[Toybox] Weird stdout buffering effects

Rob Landley rob at landley.net
Sun Oct 22 01:12:47 PDT 2023


On 10/21/23 20:10, Ray Gardner wrote:
> I am working on a little something, and I found that output from my toybuf
> command redirected to a file is exceedingly slow. But if piped to cat, it
> runs about as fast as expected.

Linux pipe buffers consolidate transactions.

$ cat /proc/sys/fs/pipe-max-size
1048576

https://utcc.utoronto.ca/~cks/space/blog/unix/BufferedPipes

If you set O_DIRECT on the pipe (see man 2 pipe, you should also be able to
fcntl(fd, F_SETFD, FD_CLOEXEC); it) then it operates in "packet mode" so the far
end gets the same transaction sizes from read() that the writer sent into the pipe.

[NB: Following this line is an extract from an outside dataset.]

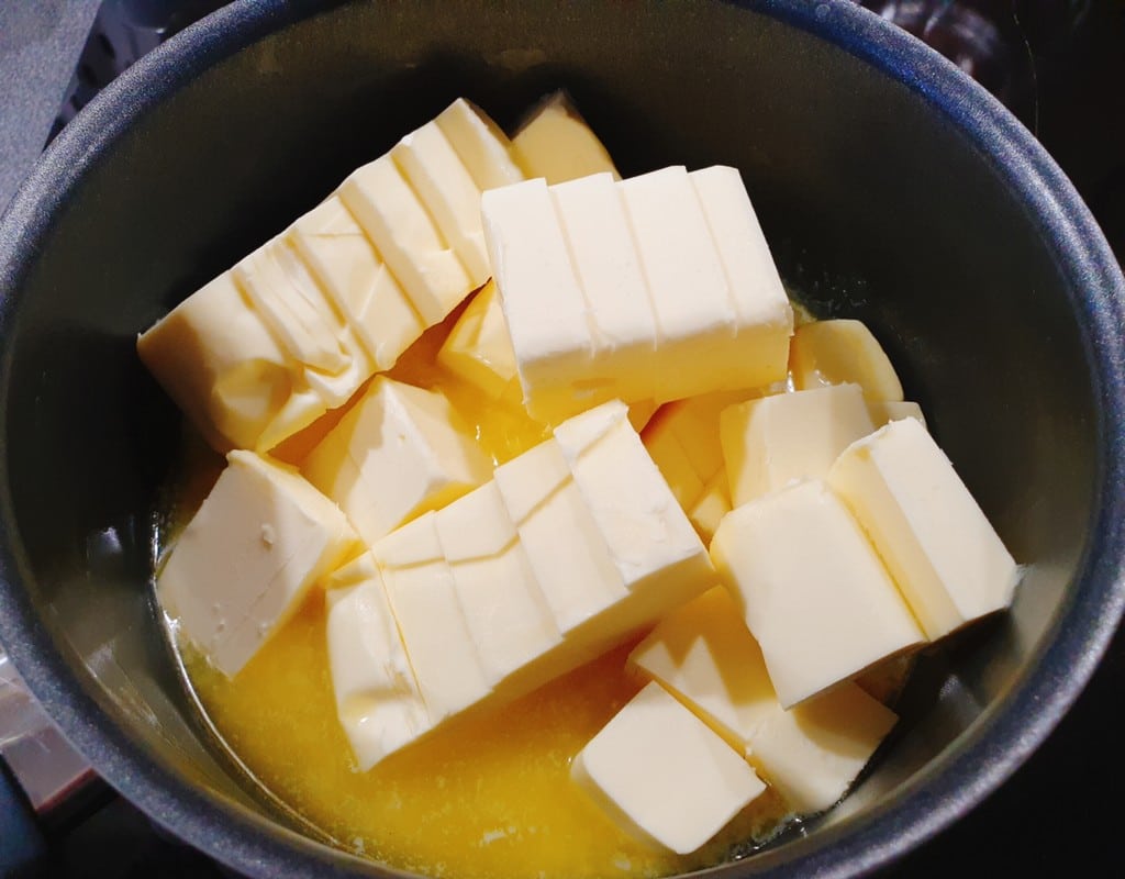 Każdą z kostek masła kroimy na mniejsze kawałki. Następnie przekładamy do rondelka i na bardzo małym ogniu doprowadzamy do rozpuszczenia masła. Nie mieszamy masła w trakcie klarowania. Gdy masło się rozpuści pozostawiamy je na wolnym ogniu.

Which is important for the shell! Because otherwise stuff like:

$ { echo one; echo two; } | { read i; echo shell got $i; echo head got; head -n 1; }
shell got one
head got
two

Can't do the handoff. (For a seekable file you can fseeko(ftello()) to undo the
FILE * internal buffer readahead, but for a nonseekable file you can't put data
BACK into the input, so you have to not get extra in the first place.)

> So I messed around with the
> TOYFLAG_LINEBUF and with setvbuf() modes.
> 
> I put a line at the top of my program so it does only this:
> 
> for (i = 0; i < 1024 * 512; i++) xprintf("%s\n", "asdfasdf"); return;
> 
> Then I tried putting just in front of it one of these:
> 
> setvbuf(stdout, 0, _IOLBF, 0);
> setvbuf(stdout, 0, _IOFBF, 1024);
> 
> Can anyone explain these odd timings?

With line buffering encountering \n in the input stream flushes the FILE *
buffer so you're making a write() syscall every 7 bytes of output. With an
explicit buffer size of 1024 you're making a write() syscall every 1024 bytes of
output. (Meaning if you printf("It worked\n") and then do something else for a
while without exiting or manually flushing, they won't get notified it worked.)

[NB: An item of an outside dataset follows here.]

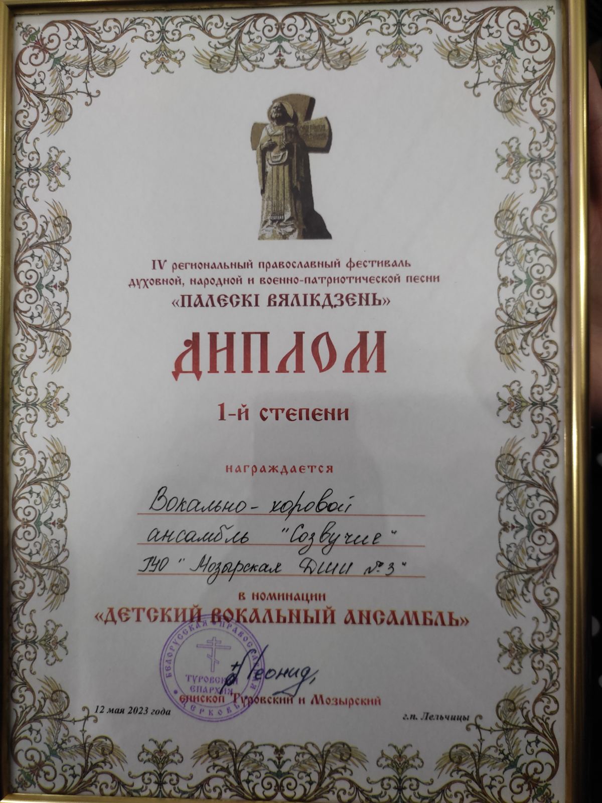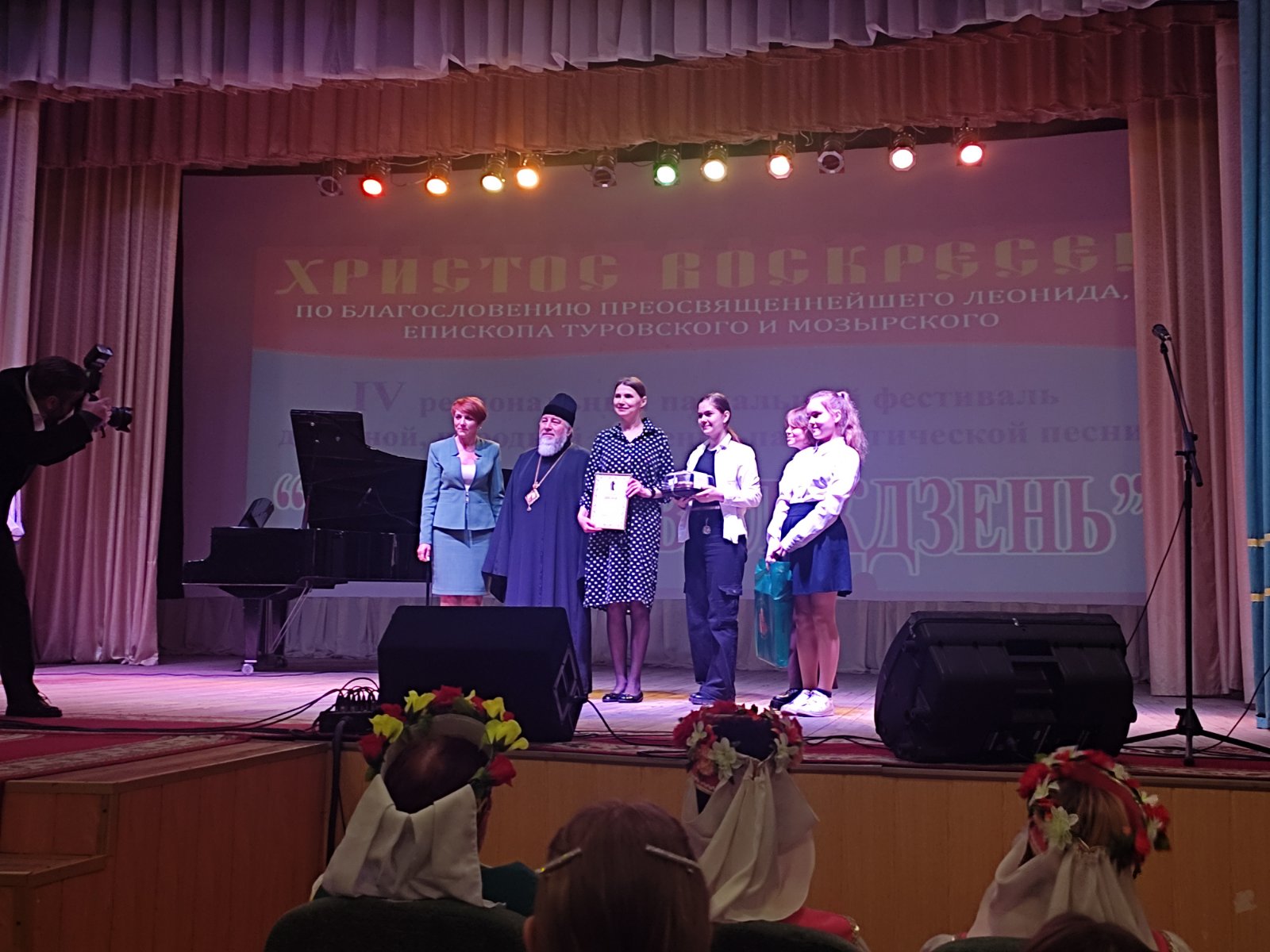 Диплом I степени✨ Вокально-хоровой ансамбль » Созвучие» руководитель:ГУШЛЯК Галина Геннадьевна концертмейстер: ЖИЛЬСКАЯ Екатерина Геннадьевна принял участие в IV региональном православном фестивале духовной, народной и патриотической песни «Палескі Вялікдзень»✨ Получили достойную награду и много подарков от Туровской Мозырской Епархии ✨

The 7 byte one is making 146 times as many write() syscalls, each of which has a
kernel entry and (on modern systems that worry about heartbleep and melthammer
and so on) a page table swap. Cutting edge processors can change the page tables
WITHOUT flushing TLB... which I think is one of the things that opened the darn
sidechannel information leaks in the first place and they probably have some
nonsense explicitly disabling that. I watched them argue about it but didn't
take notes because it's chip-specific in ways you'd usually do a microcode
update for but "not in this instance, captain"...

As Scotty said about the Excelsior, the more they overhaul the plumbing the
easier it is to stop up the drain. Racehorses die if you give them water at the
wrong temperature, Indy 500 cars are even finickier and have a nasty habit of
dousing pit crews with flaming methanol (which puts out light outside the human
visible range when it burns so you CAN'T SEE IT in daylight, so people have
caught fire and nobody around them could TELL for a while... As workplace safety
issues go, "methanol fires" is a good one to avoid.)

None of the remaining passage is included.